FMJ Jan. 1-3 1784
By letters from Canada we find, that all the German troops had left that province, and everything remained in perfect security. No inconveniencies have yet resulted to the fur trade, which was much appreciated, by the settlement of the boundaries ; for the protection of which trade the old French works, called Fort Frontenac, are ordered to be repaired, and an engineer, with troops and artificers, is gone up the St. Lawerence for the purpose. General Haldimand has also given directions for the finishing of the works at Quebec, St. John's, the Isle au Noix, &c. The troops now in Canada amount to between 3000 and 4000 men, consisting of the 8th, 29th, 31st, 34th, 44th, 53d, and 84th regiments of foot, with two companies of artillery.
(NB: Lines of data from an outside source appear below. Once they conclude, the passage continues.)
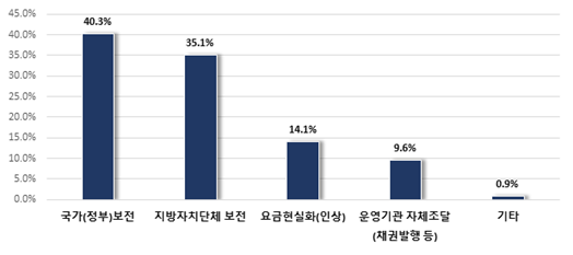 지하철 노후시설 개선에 필요한 막대한 재원을 운영기관이 어떻게 확보해야 하는지에 대한 설문조사에서는 국가가 비용을 보전해야 한다고 응답한 비율이 40.3%로 가장 높았다. 지자체 보전, 요금 현실화(인상), 운영기관 자체 조달이 그 뒤를 이었다. 현 체제인 운영기관 자체 조달 방식이 바람직하다고 응답한 사람은 9.6%에 불과했다.
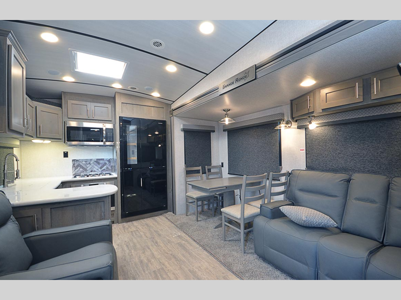 Sleeps 4 Slides 3 Length 39 ft 8 in Ext Width 8 ft 6 in Ext Height 13 ft 5 in Interior Color Carbon, Moonstone Hitch Weight 2830 lbs GVWR 16300 lbs Dry Weight 14520 lbs Cargo Capacity 1780 lbs Fresh Water Capacity 88 gals Grey Water Capacity 67 gals Black Water Capacity 65 gals Tire Size LT235/85R16 Furnace BTU 35000 btu Available Beds King Refrigerator Size 14 cu ft Convection Cooking Yes Cooktop Burners 3 Number of Awnings 1 Axle Weight 11690 lbs LP Tank Capacity 80 lbs Water Heater Capacity 16 gal Water Heater Type DSI Gas/Electric with Quick Recovery AC BTU 15000 btu TV Info LR 42" 110 LED Smart TV Awning Info 14' 12V LED w/Adjustable Pitch Axle Count 2 Shower Type Shower w/Seat Electrical Service 30 amp Similar Floorplans
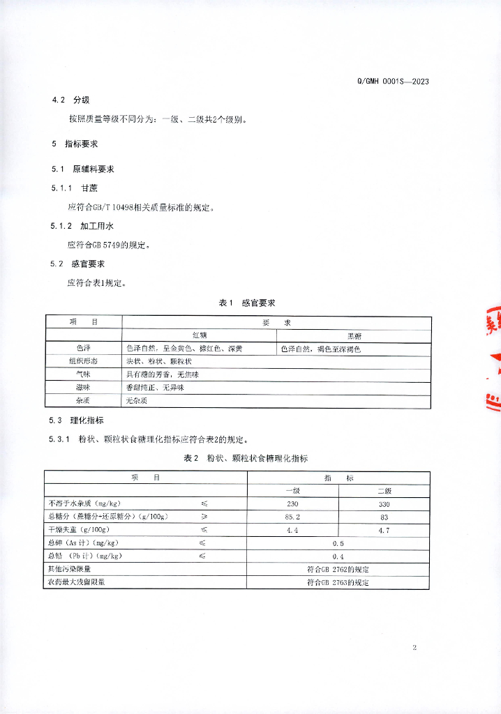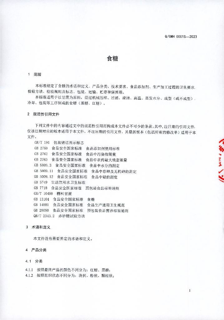 Q/GMH 0001S-2023 食糖 广西南宁桂美红食品有限公司
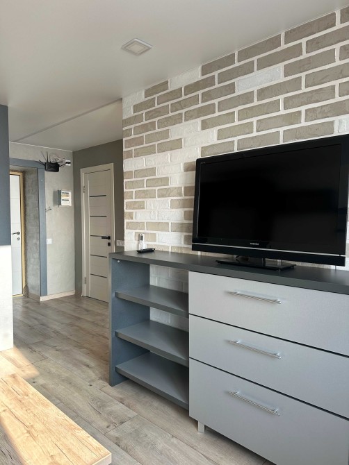 Планування: окрема кімната з кондиціонером, великим телевізором, розкладним диваном, двоспальним ліжком, шафами.
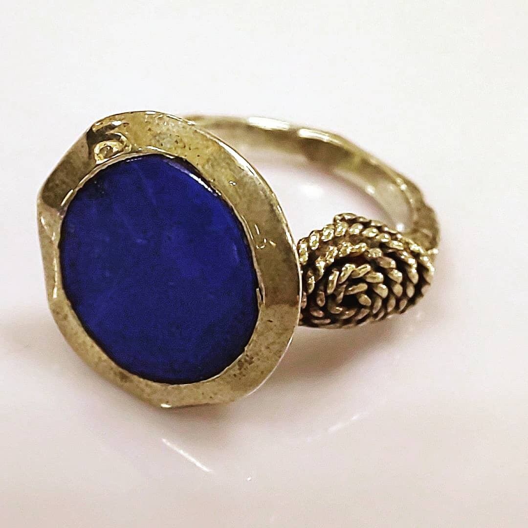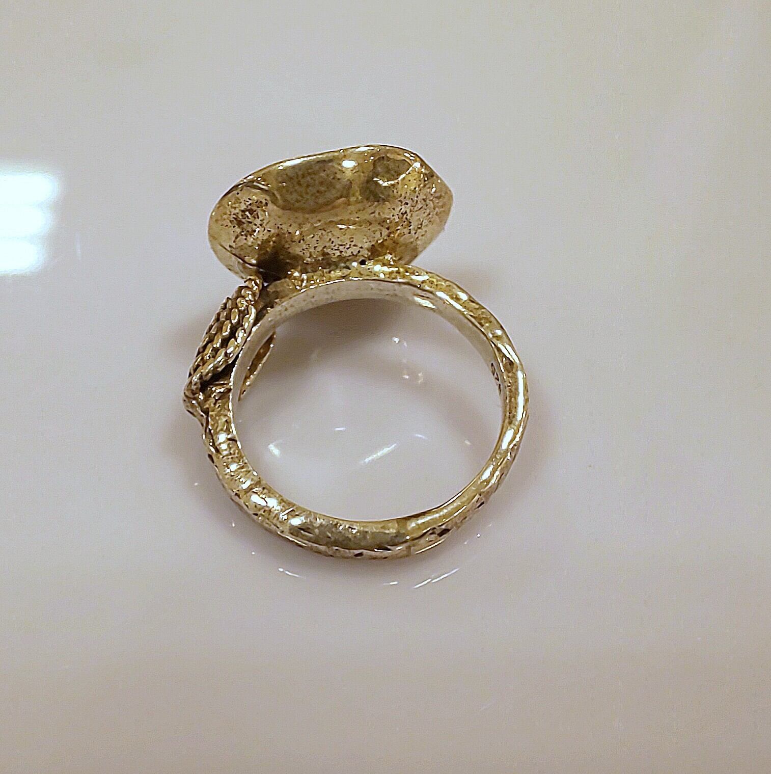 石は丸だけど枠が六角形っぽくなってて、台の裏側も手打ちのボコボゴリングもそんな感じで横に渦巻きのデザインが入ってます!
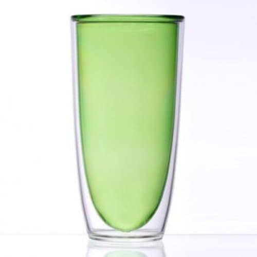 DOUBLE WALL INSULATION KEEPS DRINKS CHILLED LONGER. CLEAR OUTER WALL WITH CHOICE OF TRANLUCENT COLOR INNER WALL.
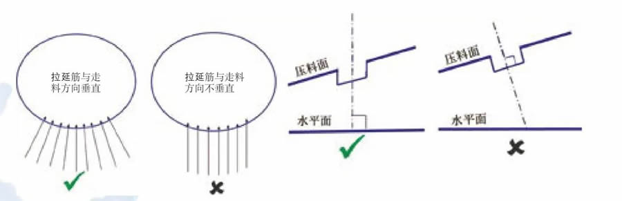 ⑻拉延筋设置时一定要保证与板料流动方向垂直,并且必须垂直于水平面,不能垂直于压料面,如图7 所示。
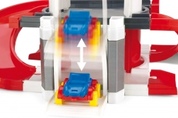 A készlet tartalmaz egy háromszintes garázst lifttel, 2,3 m hosszú külső útrendszert, két Kid Cars autót, matricákat és dekorációkat, mint például táblák, fák figurák és korlátok. A színes és könnyű szerkezet órákon át tartó szórakozást biztosít, és fejleszti a gyerekek különböző képességeit.
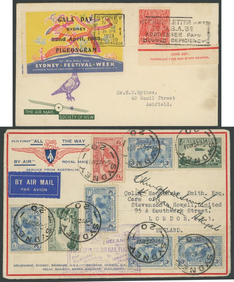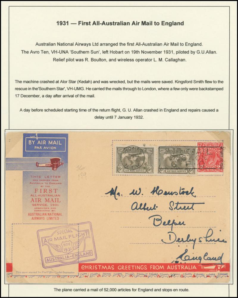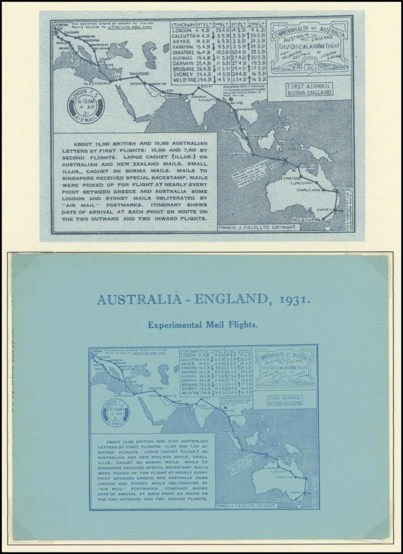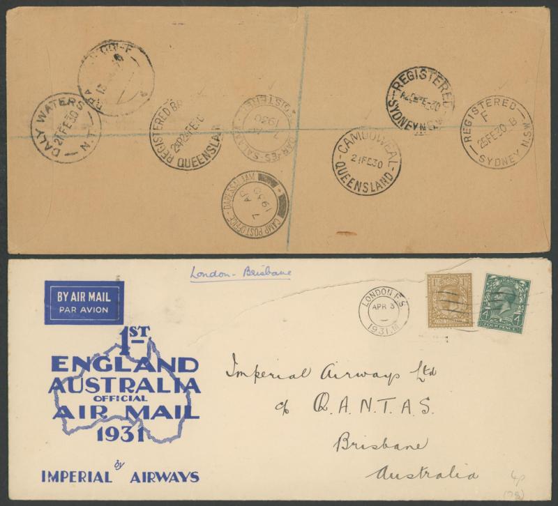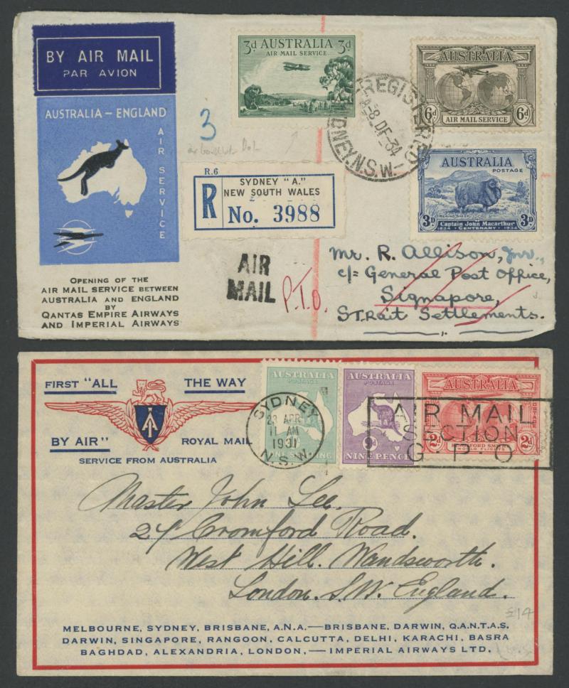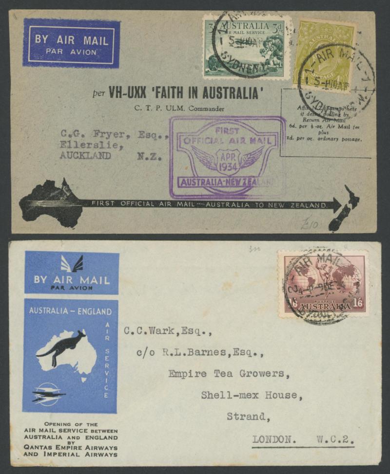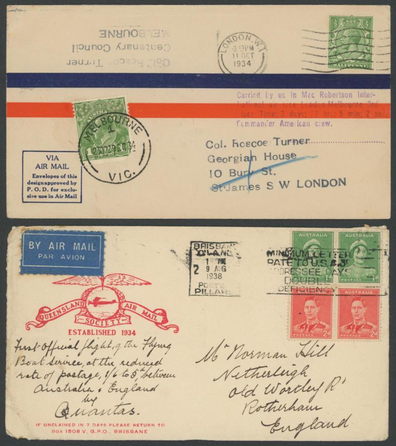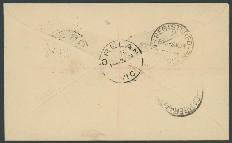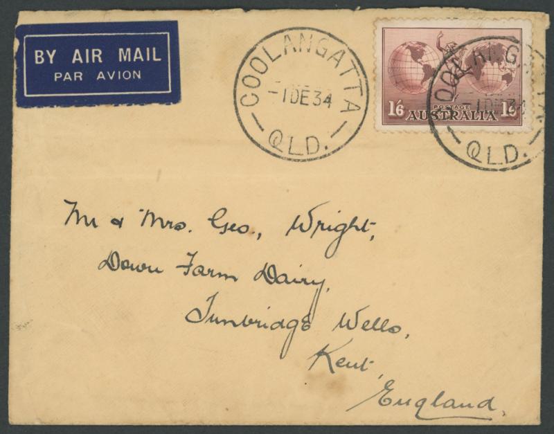 light folds clear of the stamp, Cat $575. Held at Brisbane to be carried on the inaugural air service to England, departing Brisbane 8.8.1934.
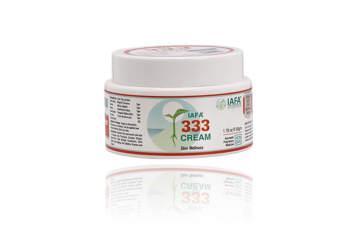 Iafa 333 Cream is beneficial for preserving skin health, retaining skin hydration, and assisting with skin restoration. It aids in the prevention of premature ageing symptoms such as fine lines and wrinkles by reducing skin rashes, rashes, and inflammation. It contains Sirisha, which improves the appearance of the skin and protects it from allergies. It also contains Karanj beej, which is useful for skin issues like itching, pain, or bleeding in eczema or abscess. It aids in the rapid healing of wounds and gives pain relief.
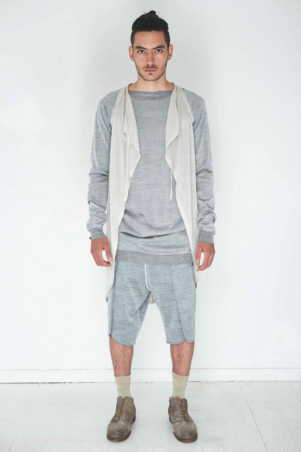 La collection présentée séduit par la clarté de la coupe et l’usage de matériaux traditionnels qui donne vie à cette mode masculine tant au plan visuel que tactile. Dans ses compositions, le designer combine les matériaux naturels les plus divers, convoquant cuir fin, corde brute, feutre, lin, laine, cachemire, porcelaine et corne. Le langage formel et matériel qu’il emploie rappelle clairement les paysages rudes et arides de l’Italie du Sud rurale, où la famille de Marzo puise ses racines. Il joue sur des coupes claires et unifiées qui s’inspirent d’habits liturgiques, des robes de moine, de vêtements de prêtre voire d’uniformes militaires. La palette adoptée par le designer est tout aussi intelligible: couleurs sourdes telles gris, blanc, noir, beige, sable et vert foncé dominent.
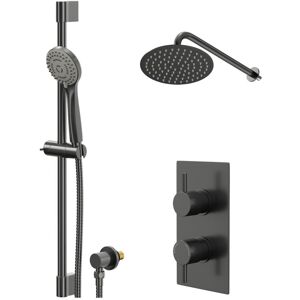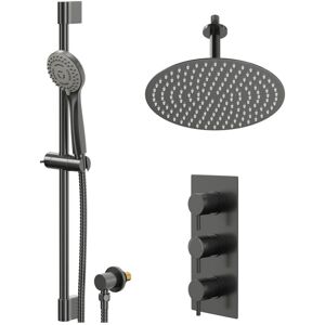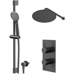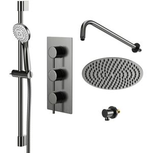 Model Number: WDB77237 For the ultimate luxurious showering experience and effortless good look, choose our Colore Round Gunmetal Grey Concealed Triple Thermostatic Shower Valve Including 300mm Fixed Shower Head with Wall Arm and Slide Rail Kit. Included, you'll receive a concealed thermostatic shower valve with three round controls to control the 2 outlets, a wall-mounted ultra-thin round shower head with an arm, and a practical slide rail kit. This gives you the flexibility to use either the shower head or the handset to wash your body without getting your hair wet. All elements are finished with a modern gunmetal grey finish that is sure to add a chic touch to your bathroom, while the units stainless steel construction protects it from corrosion and extends its durability. Key features Round concealed shower valve Round shower head with wall arm Durable brass & stainless steel construction Modern gunmetal grey finish Thermostatic controls for precise temperature adjustments
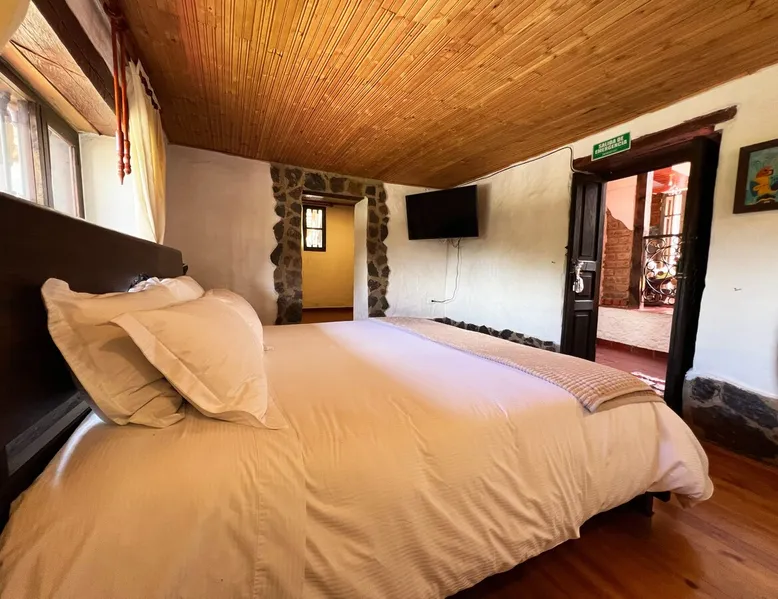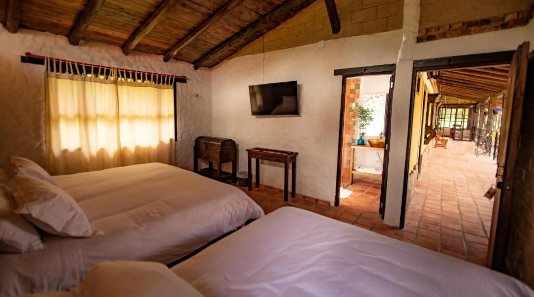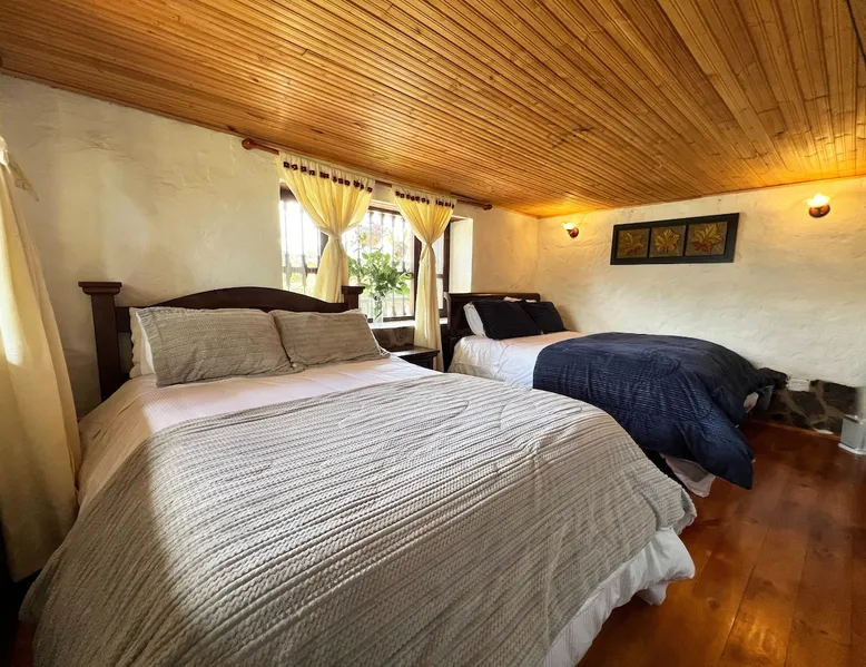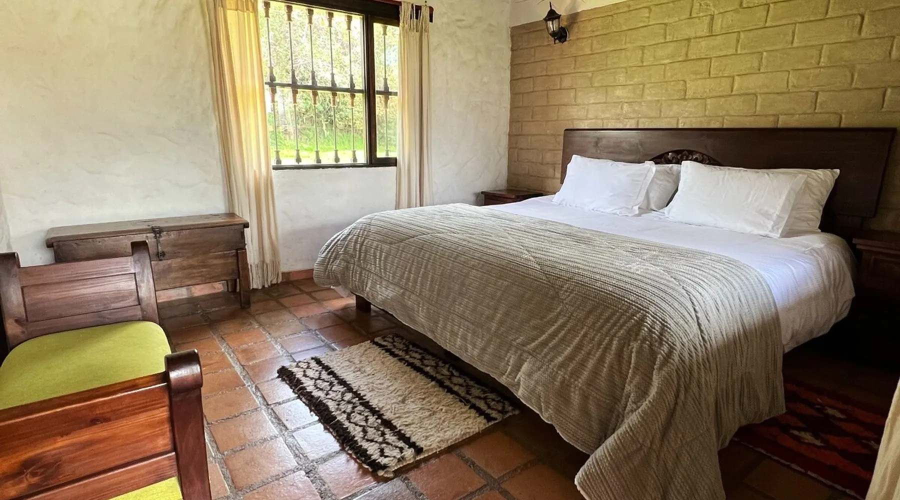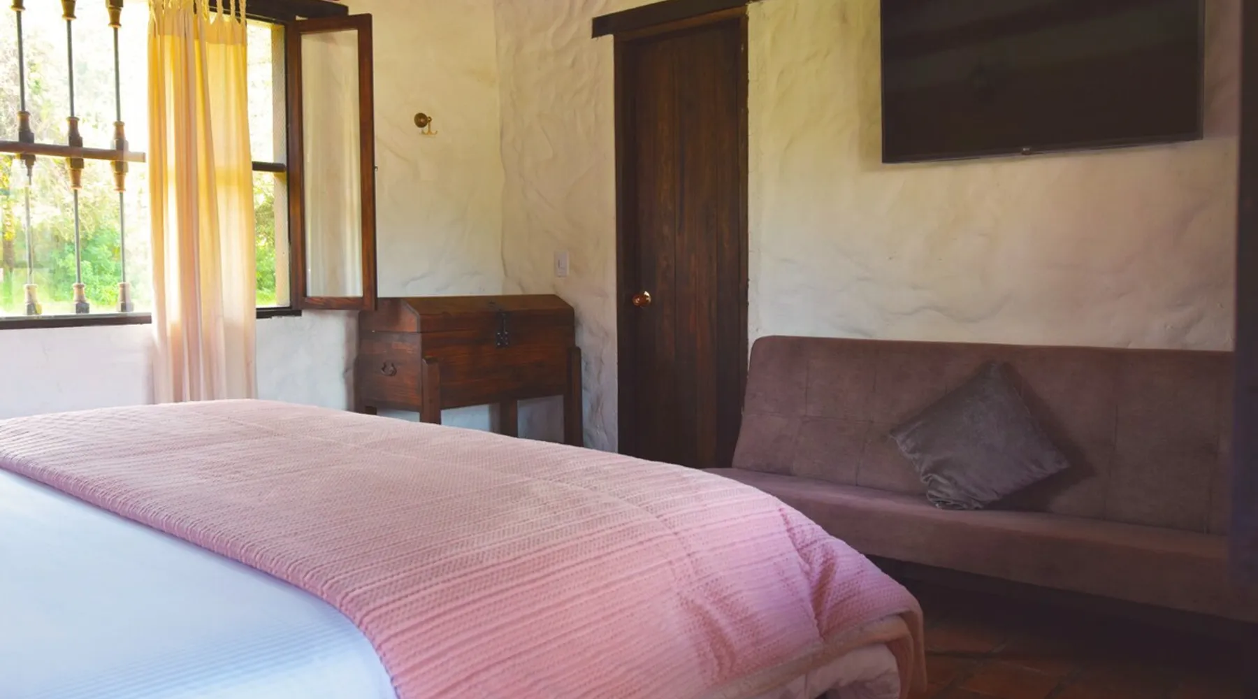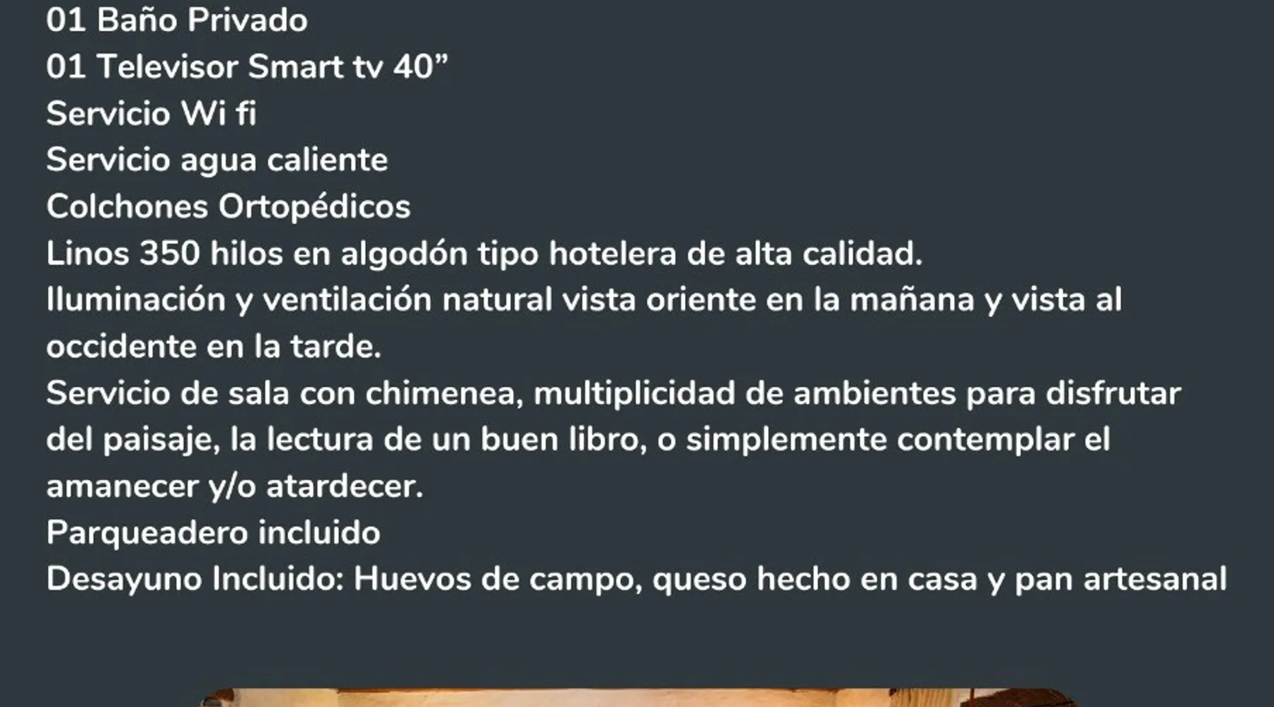 Experience with your loved ones in this wonderful and peaceful place, surrounded by the most beautiful natural landscapes and comfort where you will find everything you need to disconnect and connect to new experiences, where the sound of nature is part of a perfect symphony between birdsong, the whistling of the wind that hits the branches of the trees and the sound of water on the Joshua trail, while observing a beautiful sunset.... The space This is a Estate that has 2 rustic colonial cabins, surrounded by beautiful meadows and gardens, natural water fountains, leafy trees, fruit trees and organic orchard, you will also find ducks, chickens, cows, sheep and a wide variety of free birds, we have available and independent rooms with a private bathroom, hot water and an exquisite decoration and comfort, rustic wooden beds of Punta Larga, our beds are dressed in the highest quality linens of Brissa (Hotel line) of 350 threads, the rooms have views to the east (where the sun rises) and the west (where the sun sets), so you can appreciate the most beautiful landscapes in the morning and in the afternoon, the rooms are very ventilated, the sector is known according to the Muisca culture as "The Valley of the Gods", for its unparalleled natural beauty and a favorable area for stellar visualization, each room has 34-inch TV, WIFI, the property offers sauna service, jacuzzi and relaxing massages, they also find an area for family and social gatherings around a fireplace, our guests can also enjoy a BBQ area, to cook their favorite dishes on the grill and/or wood oven. Guest access The property is available to our smells, except for the house VICTORIA, (first cabin), where the hosts live. Other things to note The sector is very conducive for people who enjoy hiking, walking and cycling, since the valley is very safe and the roads are in very good conditions. We are also in the center of the most emblematic places of Boyacá, such as (Punta Larga vineyard - Guatica Zoo - Templo de Sol - Pantano de vargas - Pueblito Boyacense - Termales de paipa e Iza - Laguna de Tota - Municipios de Nobsa - Monguí - Tibasosa- Corrales, Iza - Sogamoso - Duitama among others). Registration Details 127386

These corps are in a very delicate situation, about two-thirds of their non-commissioned officers and private men being entitled to their discharge, which nevertheless cannot be granted them without immediate danger of the province (the Canadians being exceedingly disaffected) until they are reinforced from this country, or from New York.
The very unusual number of vessels that now crowd the river, from Marine-school to the Custom-house, plainly show that the trade of this country is much increased. many of these ships are from 4 to 7 hundred tonsburthen, and begin to give our harbour an air of true commercial consequence.